With the master cylinder, the clutch needed pumping to get it to work and it was only coming up a few cm. After reading the various posts around here, I took a bit of a flyer and changed the master cylinder which cured the problem. Then 6 weeks later, I pushed the clutch in and it didn't come back up.

Dave

Thank Dave,

FYI, I went back again today to the garage that fitted my new cluth, after struggling further to get into first gear this morning.

They said this problem is common with new hydraulic clutches, and I should pull the pedal up and pump it a bit until it goes into gear and it should resolve itself in a short time.

To be honest I tried this whenever it seemed to be sticking, and seems 80% better now. I drove it quite a lot today and maybe they are right, it does need 'wearing in'.Time will tell.

Anyway, please can you let me know how much you were charged for the master cylinder and slave, for future reference. Thanks.

Jon.
 
mercedes sprinter vans have the same problem with the pedal coming up just pump the clutch pedal with ur hand really fast for about five minuites sometimes it cures it
 
it is suggested in the haynes manual to change both master and slave cylinder at the same time.

the petrol model you don't have a choice as it is a sealed all in one unit.

matts
 
Thank Dave,

FYI, I went back again today to the garage that fitted my new cluth, after struggling further to get into first gear this morning.

They said this problem is common with new hydraulic clutches, and I should pull the pedal up and pump it a bit until it goes into gear and it should resolve itself in a short time.

To be honest I tried this whenever it seemed to be sticking, and seems 80% better now. I drove it quite a lot today and maybe they are right, it does need 'wearing in'.Time will tell.

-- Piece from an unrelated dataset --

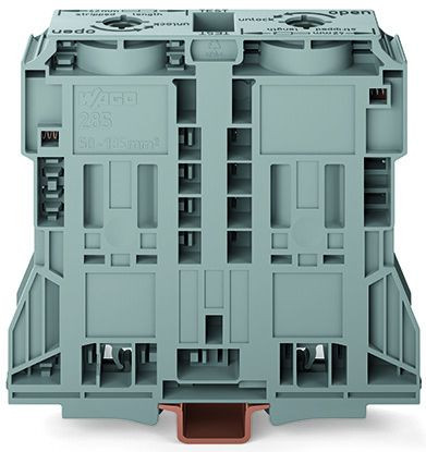 | Kurzbeschreibung | 2-Leiter-Durchgangsklemme,185 mm²,seitliche Beschriftungsaufnahmen,grau |

Anyway, please can you let me know how much you were charged for the master cylinder and slave, for future reference. Thanks.

Jon.

Take a look at;

Land Rover Parts Shop

Mine is the cheaper one. I paid about £120 from a main dealer.

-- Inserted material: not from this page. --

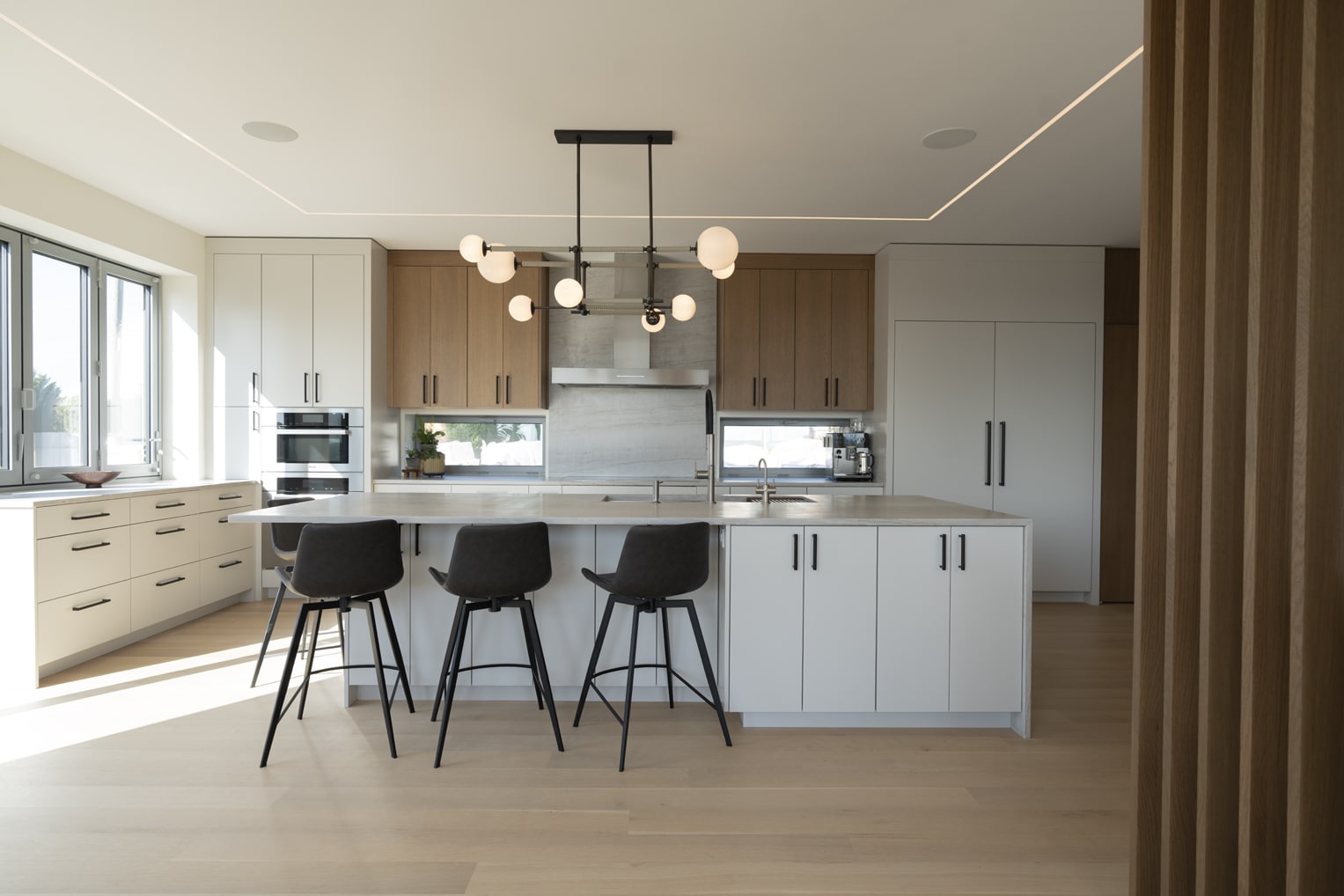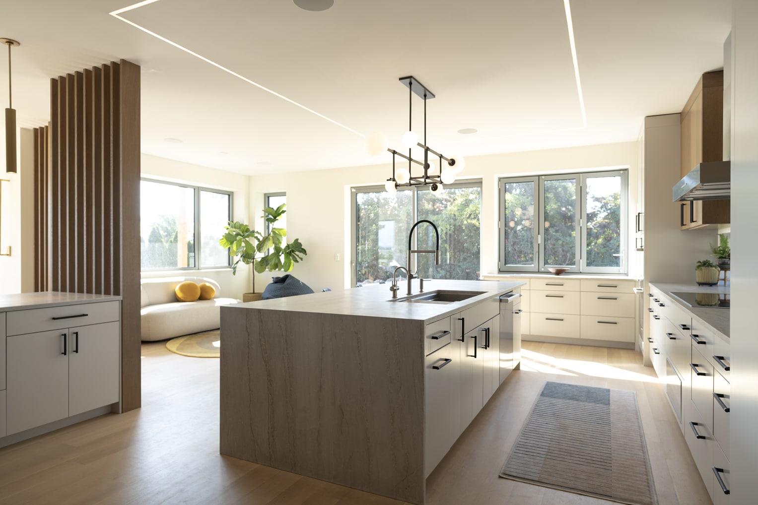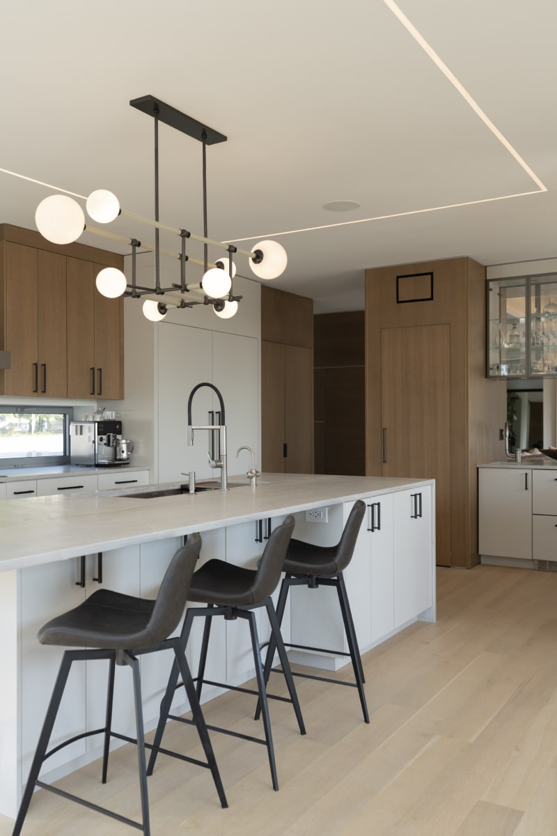 • Contemporary kitchen with European flush cabinetry, waterfall quartzite counters, and LED linear lighting integrated into the ceiling

(I don't have anything to do with Land-rover-parts-shop.com and I have never bought anything from them. They just have a convenient site for this thread.)

In future if I have the clutch changed, I'll get the slave cylinder and the master cylinder changed at the same time. Like wise if the slave cylinder needs doing again, I'll get the clutch changed.

Basically both clutch and slave cylinder have high labour costs and relatively low parts costs.

Dave
 
Take a look at;

Land Rover Parts Shop

Mine is the cheaper one. I paid about £120 from a main dealer.

(I don't have anything to do with Land-rover-parts-shop.com and I have never bought anything from them. They just have a convenient site for this thread.)

In future if I have the clutch changed, I'll get the slave cylinder and the master cylinder changed at the same time. Like wise if the slave cylinder needs doing again, I'll get the clutch changed.

Basically both clutch and slave cylinder have high labour costs and relatively low parts costs.

Dave

Thanks again Dave,

I see the Master cylinder is the one that fits on the bulkhead at the back of the engine, think maybe I could DIY that one if need be.

I believe the slave cylinder is more difficult, fom what I can gather from the posts.

Cheers,

Jon.
 
Thanks again Dave,

I see the Master cylinder is the one that fits on the bulkhead at the back of the engine, think maybe I could DIY that one if need be.

I believe the slave cylinder is more difficult, fom what I can gather from the posts.

Cheers,

Jon.
Update,

Drove 190 miles down motorway from Newcastle to Ellesmere Port today, came off sliproad to first roundabout. Could not get into any gear, had to put on the hazard warning lights and pump the clutch, until eventually I could get into first. How embarassing, I felt such a real ....!!

Well, if this is 'wearing in', I very much doubt it!!, Everyone tell me, is the problem the master cylinder or slave cylinder? Shall I try and DIY changing the master cylinder first??and see what happens?

Thanks,

Jon.
 
deffo sounds like a hydraulic problem there, no sign of oil leaks at the master cylinder or connecting pipe? if not then can you see the slave unit?